**The task:** Reproduce the listing exactly and skip over any pictures.

**Data below:**
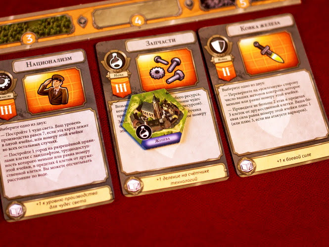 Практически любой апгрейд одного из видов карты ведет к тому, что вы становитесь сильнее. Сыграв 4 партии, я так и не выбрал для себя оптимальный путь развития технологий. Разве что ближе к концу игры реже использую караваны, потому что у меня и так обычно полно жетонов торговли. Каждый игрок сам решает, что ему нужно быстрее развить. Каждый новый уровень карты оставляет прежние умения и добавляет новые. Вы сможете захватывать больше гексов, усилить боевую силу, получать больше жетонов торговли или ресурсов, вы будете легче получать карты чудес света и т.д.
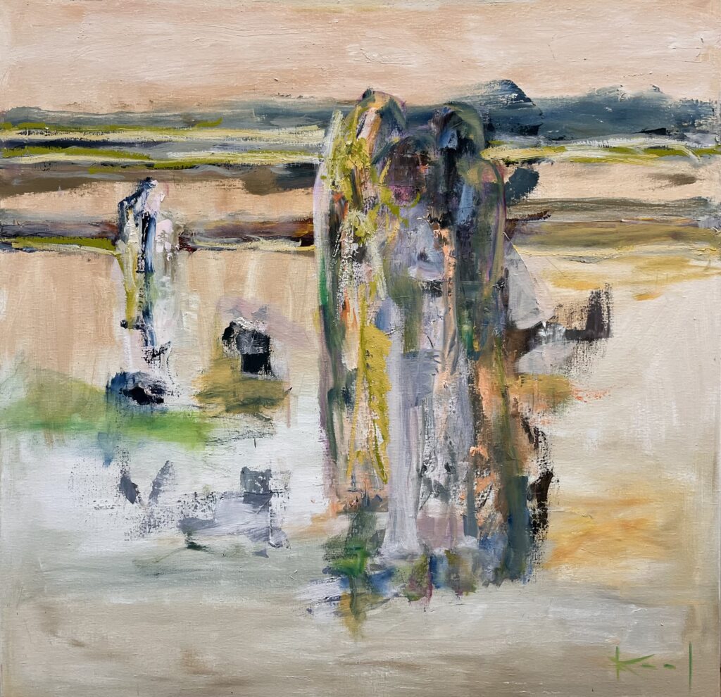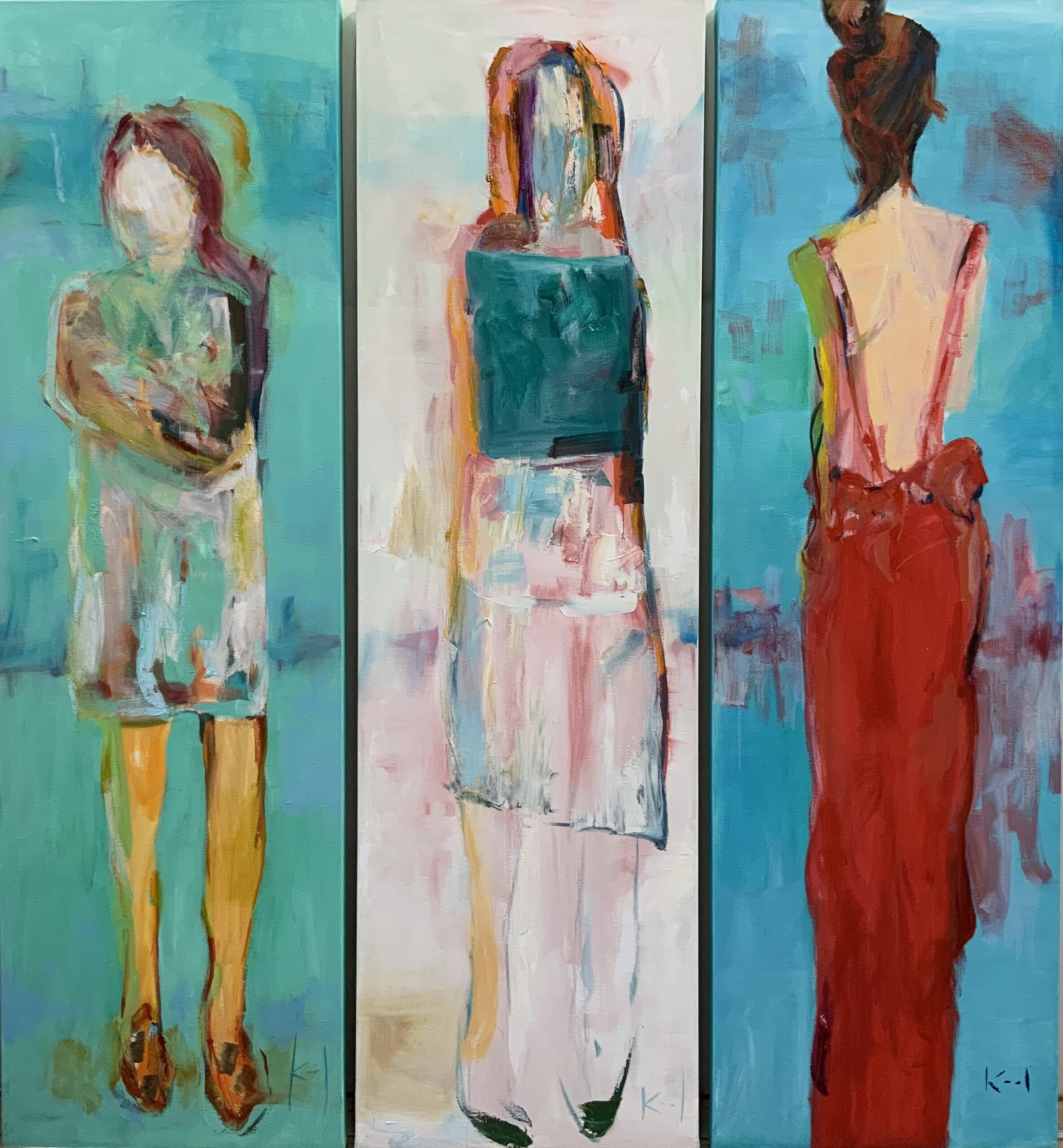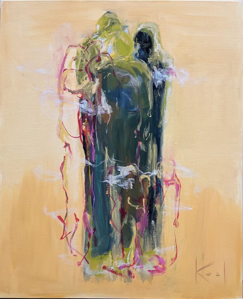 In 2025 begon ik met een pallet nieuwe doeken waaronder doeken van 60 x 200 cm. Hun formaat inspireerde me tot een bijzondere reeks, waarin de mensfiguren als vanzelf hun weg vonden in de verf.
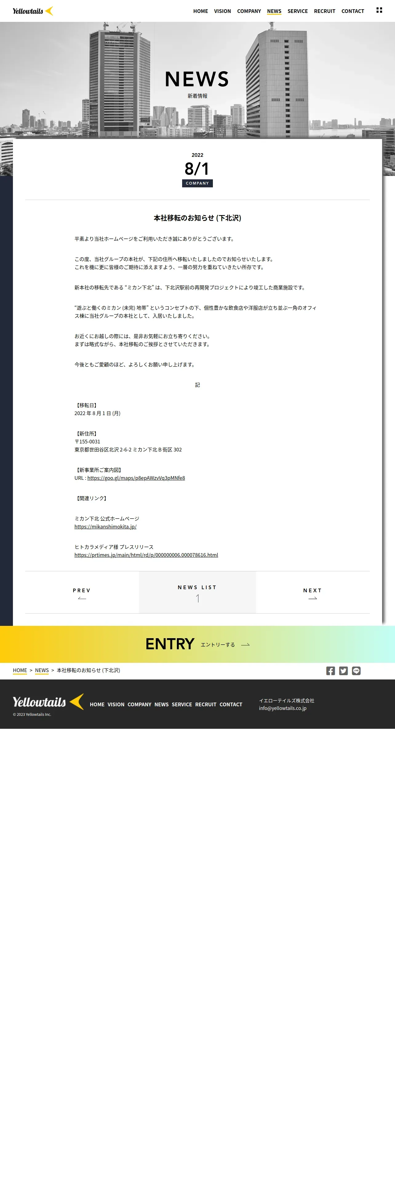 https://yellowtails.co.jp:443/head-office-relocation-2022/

**Solution for this exercise:**
 Практически любой апгрейд одного из видов карты ведет к тому, что вы становитесь сильнее. Сыграв 4 партии, я так и не выбрал для себя оптимальный путь развития технологий. Разве что ближе к концу игры реже использую караваны, потому что у меня и так обычно полно жетонов торговли. Каждый игрок сам решает, что ему нужно быстрее развить. Каждый новый уровень карты оставляет прежние умения и добавляет новые. Вы сможете захватывать больше гексов, усилить боевую силу, получать больше жетонов торговли или ресурсов, вы будете легче получать карты чудес света и т.д.
 In 2025 begon ik met een pallet nieuwe doeken waaronder doeken van 60 x 200 cm. Hun formaat inspireerde me tot een bijzondere reeks, waarin de mensfiguren als vanzelf hun weg vonden in de verf.
 https://yellowtails.co.jp:443/head-office-relocation-2022/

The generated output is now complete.